# EXERCISE DIRECTIONS
Only the lines from the one that contains "Then dip chicken" through the last line of the data below should be duplicated, exactly and without pictures.

Start of RECORDS

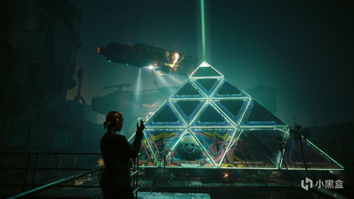 当然,即便狗镇并不是什么适合久住的地方,但对于玩家来说,这是一个充满着未知的全新地区。在探索狗镇荒废的街道和遗址过程中,我也发现了不少有意思的场景和建筑,像是委托人汉兹先生所在的金字塔型“心事重重夜总会”,提供狗镇市民没事干瞎晃悠的“伊甸广场”,甚至还有清道夫的老巢、满是赛博精神病的“已知领域”。
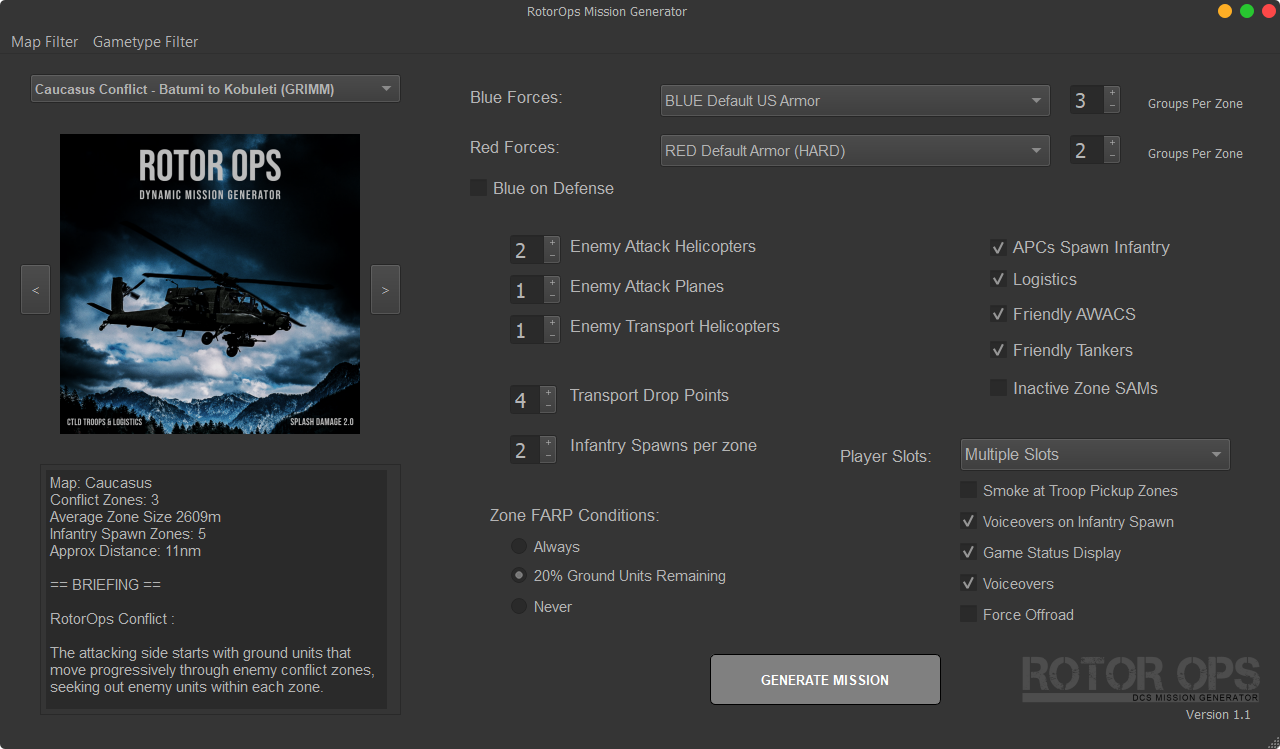 RotorOps is a mission generator and gameplay script for DCS: World. At its heart is a game type called Conflict, which requires helicopter operations to win battles on the ground. AI enhancements provide a dynamic ground war by causing unscripted conflicts between ground forces and a progression of the front line.
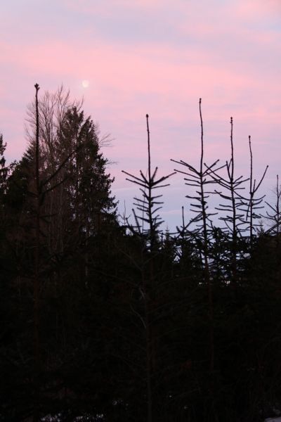ging es im Vollmondschein in Richtung Kirche. Während des Marsches konnte man beobachten, wie ein wunderschönes Morgenrot den Schein des Vollmondes ablöste und es von Minute zu Minute aufhellte.
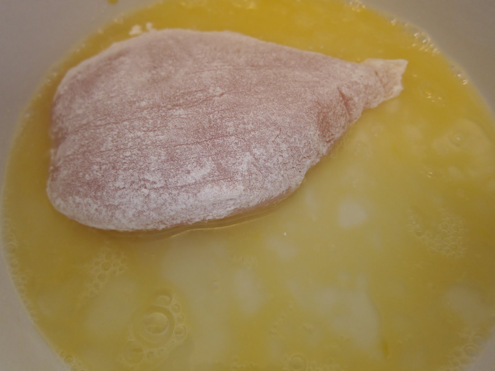 Then dip chicken on both sides with egg whites (if you do not dredge your chicken this will be the first step).
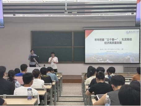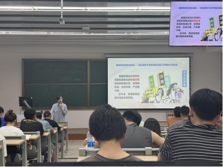 5月15日,马克思主义学院教师王换讲授《牢牢把握“三个第一”,扎实推动经济高质量发展》党课,hg8868皇冠官方登录平台80余名入党积极分子、发展对象参加了学习。
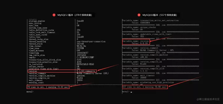 可以很明显的从结果中得知:MySQL5.1版本中存在278个系统变量,MySQL8.0版本中存在557个系统变量,这仅仅只是社区版,而在商业版的MySQL中,其系统参数会更多,下面调出一些重点来聊一聊。
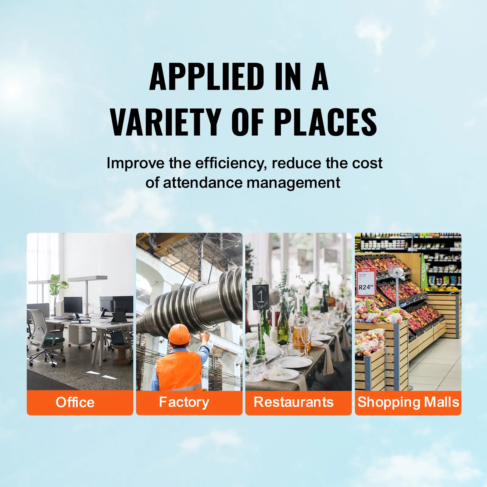 Unsere Zeiterfassungsmaschine kann an verschiedenen Orten eingesetzt werden, z. B. in Büros, Fabriken, Restaurants, Einkaufszentren und Krankenhäusern. Es ist eine kostengünstige Möglichkeit, die Effizienz des Anwesenheitsmanagements zu verbessern.
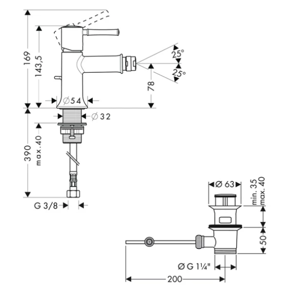 Смеситель для биде с донным клапаном Hansgrohe Talis Classic 14120000

End of RECORDS

# ANSWER FOR THIS EXERCISE
 Then dip chicken on both sides with egg whites (if you do not dredge your chicken this will be the first step).
 5月15日,马克思主义学院教师王换讲授《牢牢把握“三个第一”,扎实推动经济高质量发展》党课,hg8868皇冠官方登录平台80余名入党积极分子、发展对象参加了学习。
 可以很明显的从结果中得知:MySQL5.1版本中存在278个系统变量,MySQL8.0版本中存在557个系统变量,这仅仅只是社区版,而在商业版的MySQL中,其系统参数会更多,下面调出一些重点来聊一聊。
 Unsere Zeiterfassungsmaschine kann an verschiedenen Orten eingesetzt werden, z. B. in Büros, Fabriken, Restaurants, Einkaufszentren und Krankenhäusern. Es ist eine kostengünstige Möglichkeit, die Effizienz des Anwesenheitsmanagements zu verbessern.
 Смеситель для биде с донным клапаном Hansgrohe Talis Classic 14120000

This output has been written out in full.